Extrait de l’introduction de l’ouvrage collectif, Histoire et subjectivation, sous la direction d’Augustin Giovannoni et Jacques Guilhaumou, avec des textes de Hourya Benthouami, Augustin Giovannoni, Sophie Guérard de Latour, Jacques Guilhaumou, Laurence Kaufmann, Jérôme Maucourant, Enmmanuel Renault, Krysztof Skuka, Olivier Voirol, de Paris, Kimé, 2008.
La notion de subjectivation semble être, à première vue, particulièrement vulnérable à la critique en raison de son manque apparent de clarté et de distinction, voire de sa surdétermination. Mais du fait des acquis des sciences sociales, des théories de l’action ainsi que de la philosophie du langage et de l’esprit, c’est désormais l’une des plus bouleversées et il n’est plus possible, aujourd’hui, de penser la question dans les termes des vieux dualismes : l’explication causale ou l’intelligibilité rationnelle, le sujet ou l’individu, l’histoire individuelle ou l’histoire collective. Il n'est donc pas étonnant que cette notion épouse les enjeux épistémologiques et méthodologiques abordés par les historiens, les philosophes et les sociologues contemporains.
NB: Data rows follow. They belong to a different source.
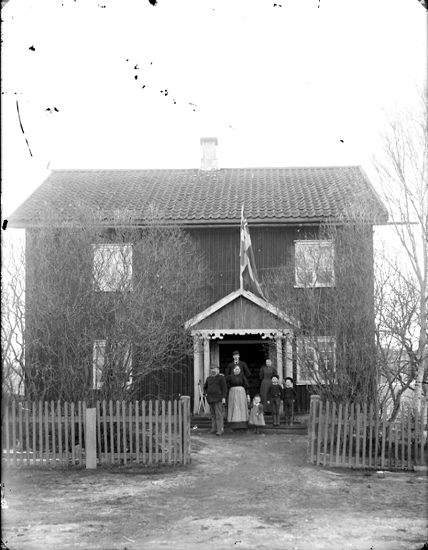 Fyra vuxna, tre barn framför smalt och högt hus.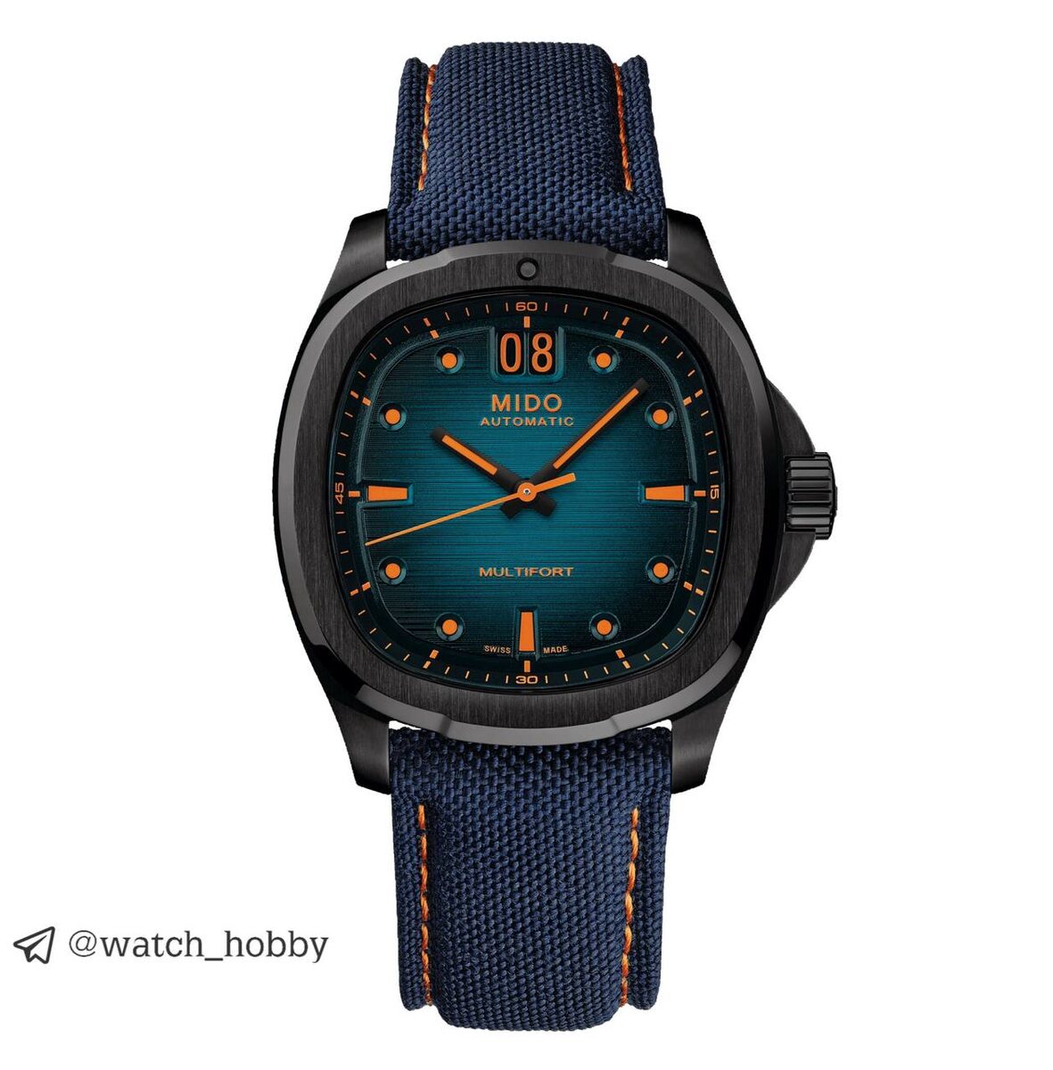 Mido TV Big Date в новой расцветке. Технически - это всё тот же 📺. Сталь + черное PVD, калибр 80, размер 39.2 х 40 мм. Дополнен корпус синим текстильным ремешком с оранжевой строчкой. Циферблат лазурного оттенка дополнен ярко-оранжевыми контрастными индексами, минутной разметкой, стрелками и датой, конечно же. Часовая и минутная стрелочки сделаны черными под цвет корпуса. Стоимость часов составляет 1.380 долларов или 120.000 рублей 💰, ориентировочно. Стильно, 100%. Делись мнением!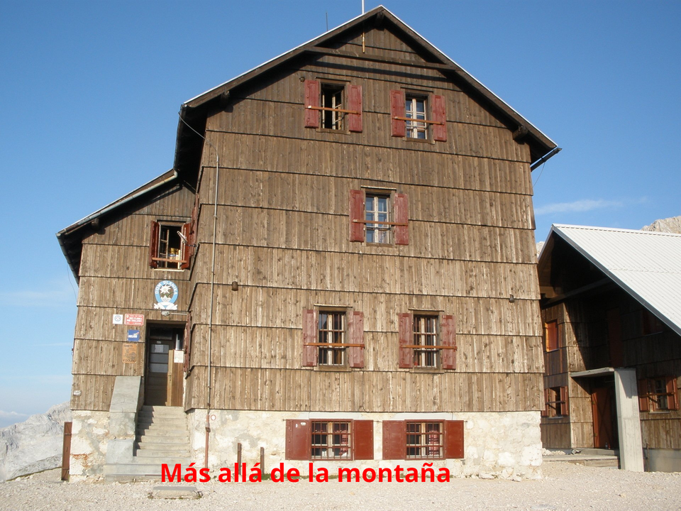 Alcanzamos el refugio Dom Planika (2400 m), donde haremos noche. Ha sido una etapa larga y cansada. El paisaje kárstico resulta sobrecogedor. Mires a donde mires no hay más que roca y más roca. Nosotros nos tomamos un piscolabis en la terraza panorámica para reponer fuerzas en un día espectacular sin nubes y sin viento. Nos lo hemos merecido!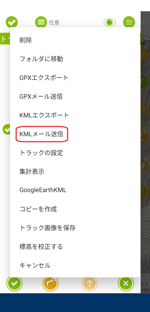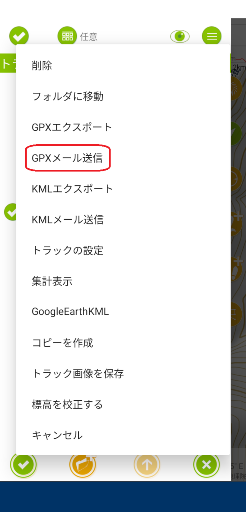 メニューが表示されたらGPX メール送信をタップします。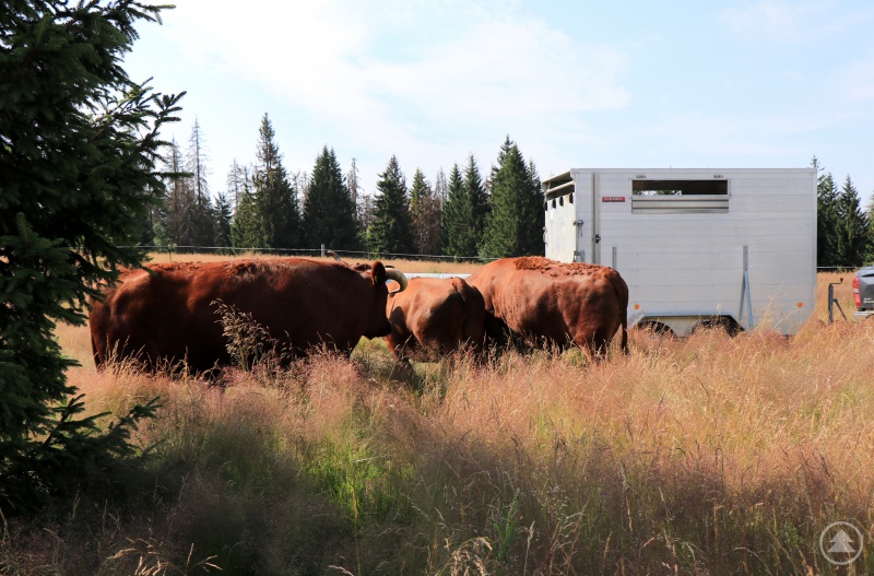 „Auch wenn wir das jedes Jahr machen, sind wir im Vorfeld tatsächlich immer wieder ein wenig nervös“, gibt Tierpfleger Max Schreder zu, der den Transport der Tiere in diesem Jahr koordiniert hat. „Man weiß nie ob das Verladen der Rinder klappt, für die ist das schließlich auch nichts Alltägliches.“ Mit viel Ruhe und Geduld haben es die Nationalparkmitarbeiter aber am Ende geschafft, die insgesamt zehn Tiere in Hänger zu verladen und zum Ruckowitzschachten zu transportieren. Die saftigen Wiesen im Tal haben sie für die nächsten Monate also mit den artenreichen Weiden auf den Hochlagen rund um den Großen Falkenstein getauscht. „Die ersten Wochen sollen Sie den Ruckowitzschachten, den größten Schachten bei uns im Park, abweiden, danach kommen die Tiere noch auf dem Hochschachten zum Einsatz“, sagt der erfahrene Tierpfleger.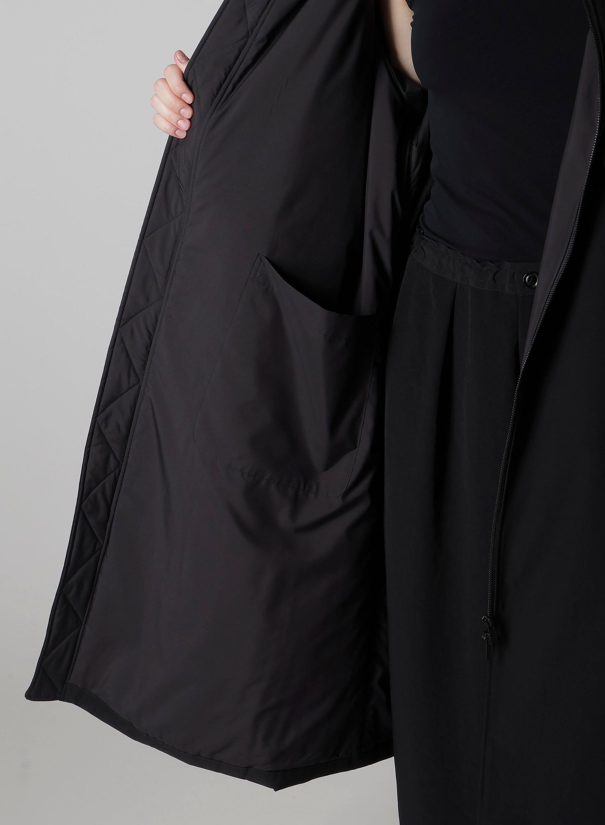 This long MA-1 coat uses Solotex fabric for a soft touch and stretchiness. The inner features high-density taffeta for a smooth feel, while Thinsulate padding ensures warmth. Wear it as a standalone piece or inner layer. The coat's zipper showcases the Y's logo.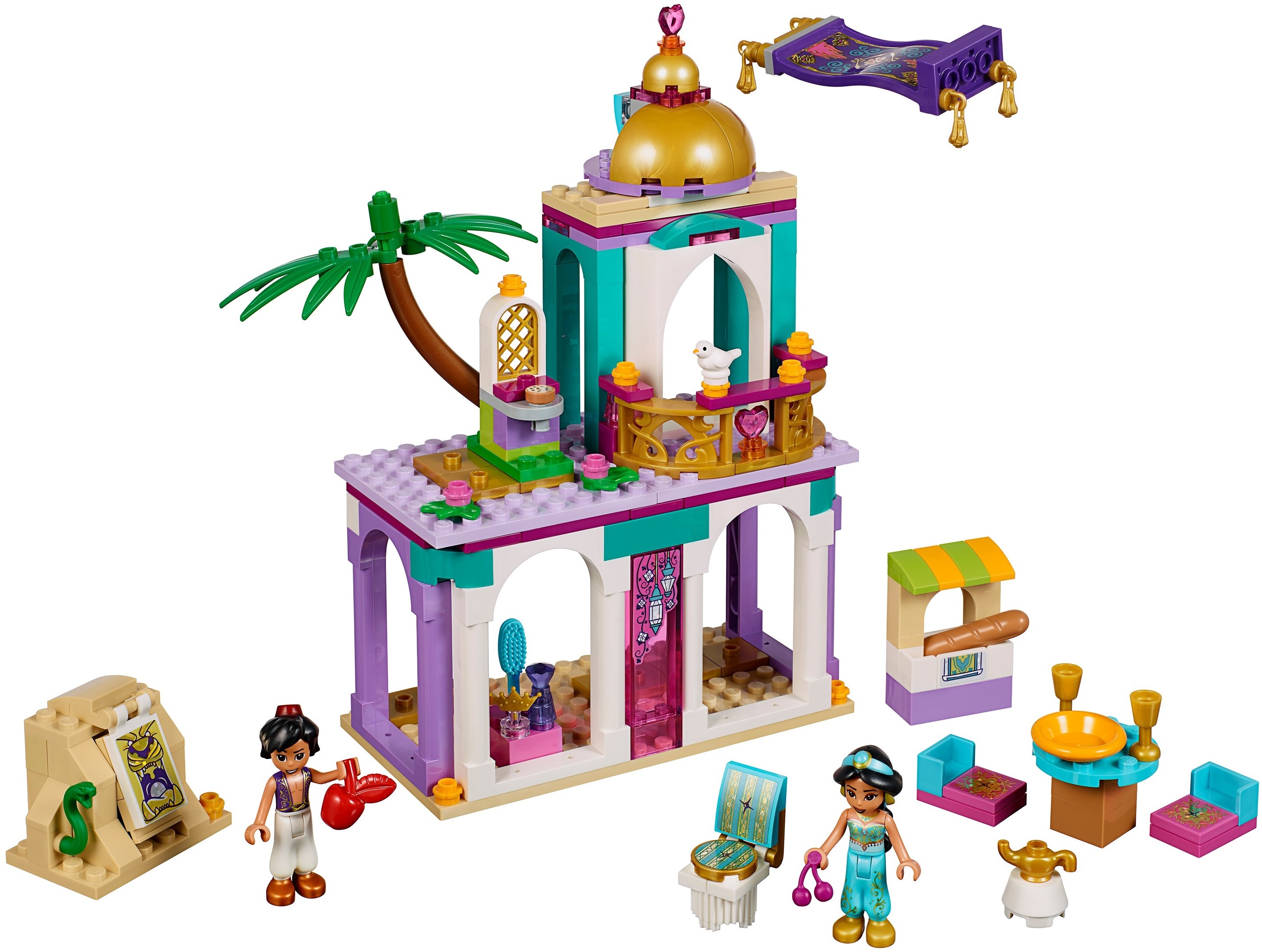 Крыша дворца lego Disney 41161 выполнена в форме купола, в котором прячется специальный механизм. С его помощью Аладдин и Жасмин могут летать на волшебном ковре-самолете.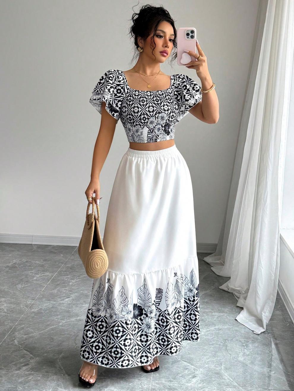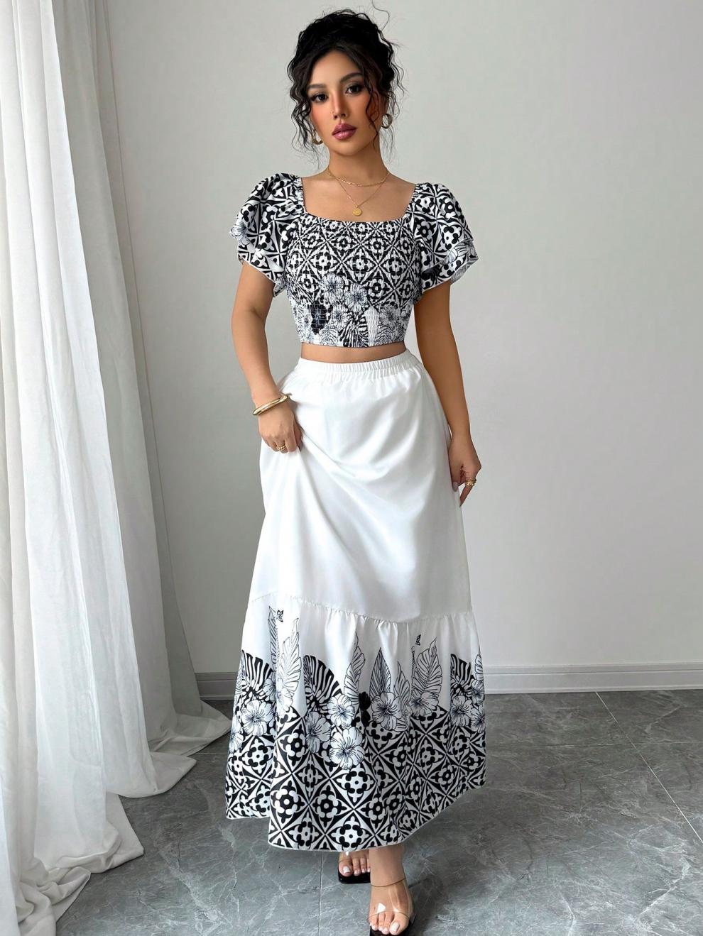 Stand out effortlessly with this Printed A-Line Dress Set that combines bold patterns with a flattering silhouette for a daring look.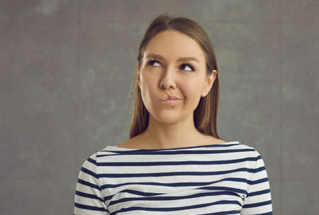 Embarrassed young woman pursing mouth. Lady looking away. Bewilderment concept. Isolated front view on white background.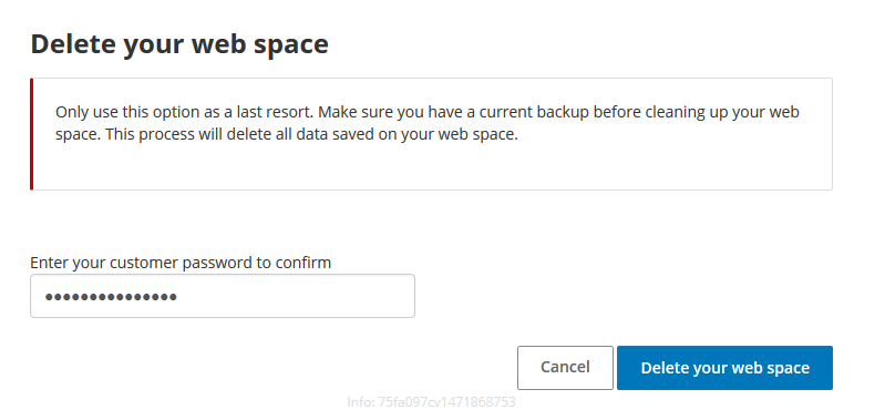 Enter your login password to confirm that you wish to proceed, and then click on “Web space cleanup”.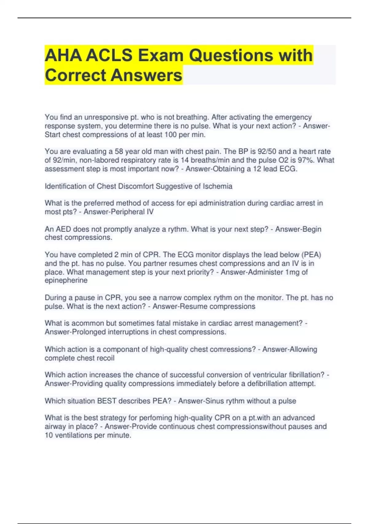 AHA ACLS Review Test Questions and Answers All Correct 2 Exam (elaborations) AHA ACLS 2021 Pre-Test Questions with Correct Answers 3 Exam (elaborations) ACLS AHA Exam Questions with Correct Answers 4 Exam (elaborations) AHA ACLS Review Exam Questions and Answers All Correct 5 Exam (elaborations) AHA ACLS Review Questions with Correct Answers 6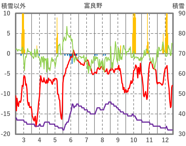 | 日 | 時 | 気温 | 降水 | 風向/風速 | 日照 | 積雪 | 降雪 |

On notera d’abord la promotion progressive de ces nouveaux « objets » dont les recherches actuelles font grand cas et qui renouvellent profondément les rapports entre macro- ou microhistoire. Les concepts de singularité, de témoignage interne, d’individuation, de récit de soi, de reconnaissance, de visibilité élargissent la sphère de l’enquête historique et définissent de nouveaux lieux d’intelligibilité, par exemple au sein des espaces de marginalité et de subalternité, grâce à la médiation de la figure du porte-parole. Qui plus est, au titre d’une approche généalogique de la relation de l’individu à la société, l’histoire des savoirs et des concepts accorde à ces objets une part de plus en plus importante dans ses descriptions discursives.